I don't know much about Solomonoff induction, so I may be wrong about this, but is it not the case that the universal prior only takes into account computable functions which exactly output the sensory data? If that is the case, consider the following scenario:

We have a function F which takes an unbounded natural number N as input and is provably uncomputable for all valid inputs. We have a computable algorithm A which provably outputs lower and upper bounds for F for any valid input. Furthermore, it is provable that no computable algorithm can provably produce tighter bounds on F's output than A (regardless of N). We can see that A outputs the bounds for a closed interval in the set of real numbers. We know that all such intervals (for which the lower and upper bounds are not equal) are uncountable.

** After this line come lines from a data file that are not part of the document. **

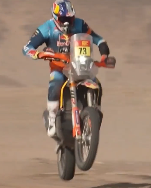 En Motos, el salteño Luciano Benavides terminó con lo justo sobre su KTM oficial ya que la cubierta trasera se desbandó y pudo haberle costado el abandono al piloto de 30 años. “En los últimos cinco o seis pilotos empecé a sentir cómo la cubierta me empezó a pegar y en el tanque y dije ‘ya se explota’. En la última recta le supliqué a Dios. Hoy perdimos un poco de tiempo”, contó al llegar a la meta tras terminar séptimo y ser sexto en la general.
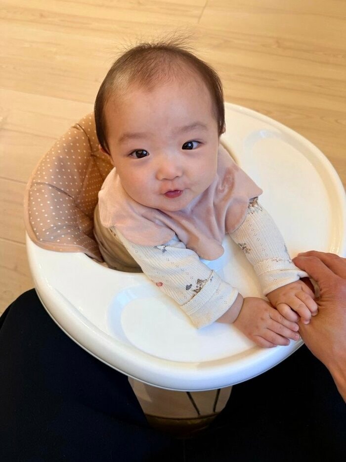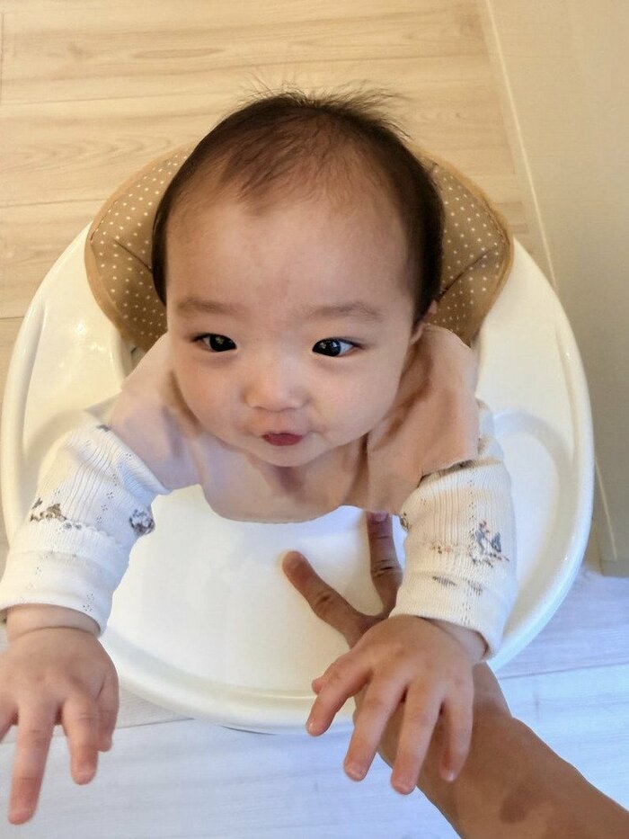 小さな両手で手をつかみ、再会の喜びを全身で表現する姿からは、大好きなパパへの愛情があふれています。無邪気に見上げるキラキラとした瞳に、思わず心が温まるワンシーンです。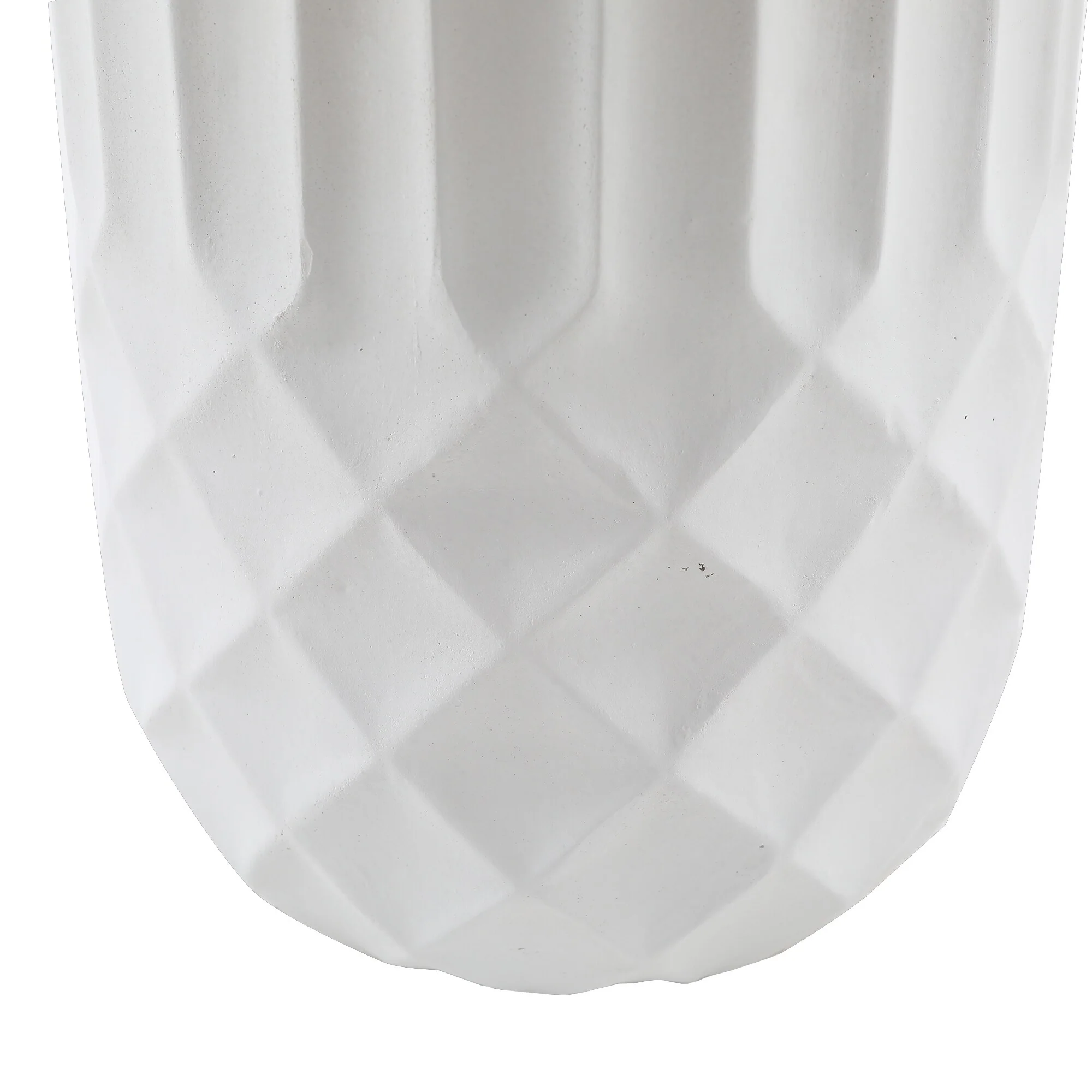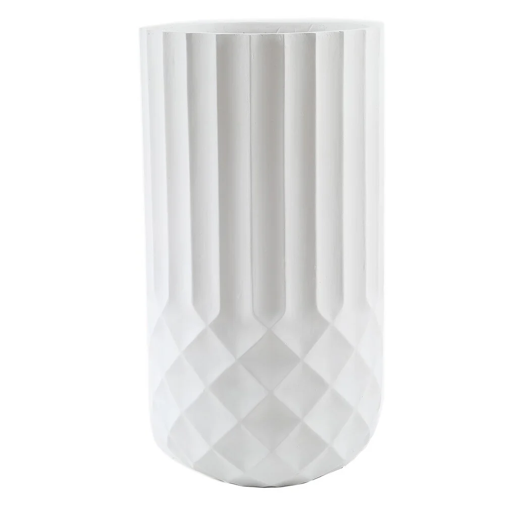 Add a stylish touch to your home or garden with this White MgO Tall Round Planter. The contemporary design features a two-pattern dimension that adds depth and uniqueness to the planter. The raised vertical lines at the top make the planter look taller, while the diamond pattern at the base is visually appealing. Made from magnesium oxide, this planter is durable and suitable for outdoor use. It includes a drainage hole and plug to prevent over-watering of plants. Enjoy the beauty of your plants indoors or outdoors with this weather and UV resistant planter.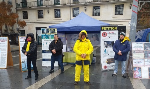 I praticanti hanno allestito uno stand nella Piazza de l'écluse di Nantes il 29 novembre, nonostante il maltempo, molte persone si sono fermate a parlare con i praticanti e hanno firmato la petizione che chiede la fine della persecuzione del PCC.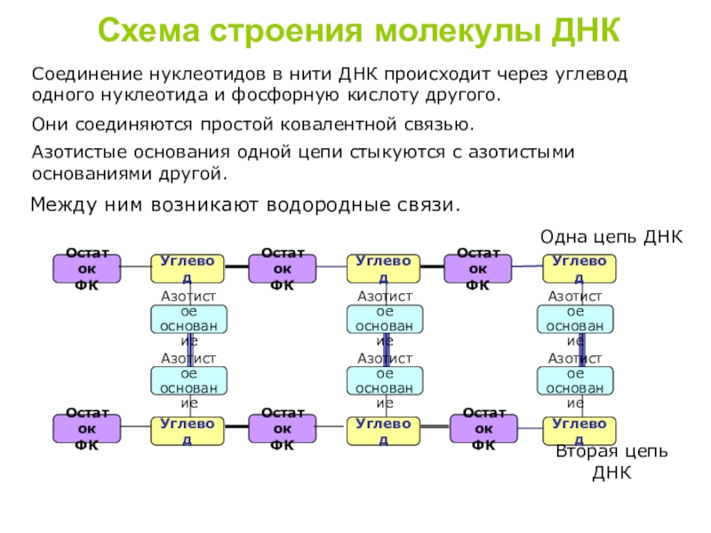 Азотистые основания одной цепи стыкуются с азотистыми основаниями другой.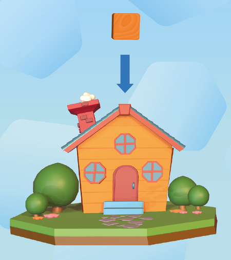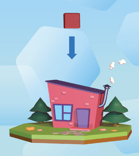 1. песчаный фундамент делает дом невысоким; 2. стальные балки делают толстыми стены; 3. деревянные стены дают треугольную крышу; 4. пластик делает окна угловатыми; 5. черепица делает окна маленькими; 6. труба из стали идет только вдоль стены.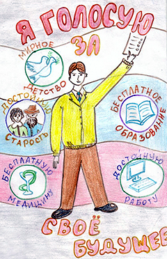 Принять участие в этом творческом состязании могут учащиеся всех школ города и района, а также студенты профессионального училища. Да и поработать им есть над чем. Например, самым младшим – школьникам с 1 по 4 класс предлагают представить на конкурс рисунки, отражающие тему выборов. Для ребят постарше (5-8 класс) и задание, соответственно, посложнее. Им необходимо создать проект пригласительного билета (или в бумажном, или в электронном варианте), да такого, чтобы заинтересовать людей и действительно побудить их прийти на выборы. А для старшеклассников придумали следующее испытание: они должны снять и смонтировать небольшой видеоролик, в которых авторам предлагается рассказать о выборах, о том, для чего они нужны и как, по их мнению, выборы могут повлиять на развитие тех населенных пунктов, где они проживают.

Now imagine a physical hypercomputer which outputs F(0), then F(1), then F(2), etc. to infinity. No computable algorithm will be able to predict the next symbol output by this hypercomputer, but there will be computable minds capable of recognizing the pattern and so of using A to place stronger bounds on its predictions of future sensory experience than AIXI can.

EDIT: Actually, this scenario might be broken. Specifically, I'm not sure what it physically means to 'output' an uncomputable number, and I think that AIXI's problem dissolves if we limit ourselves to the computable (and thus countable) subsets of the output intervals.

Comment author: Vladimir_Nesov 27 July 2010 10:45:31AM *  0 points [-]

Is there a good exposition of this semantics (more generally, for algorithmic probability)?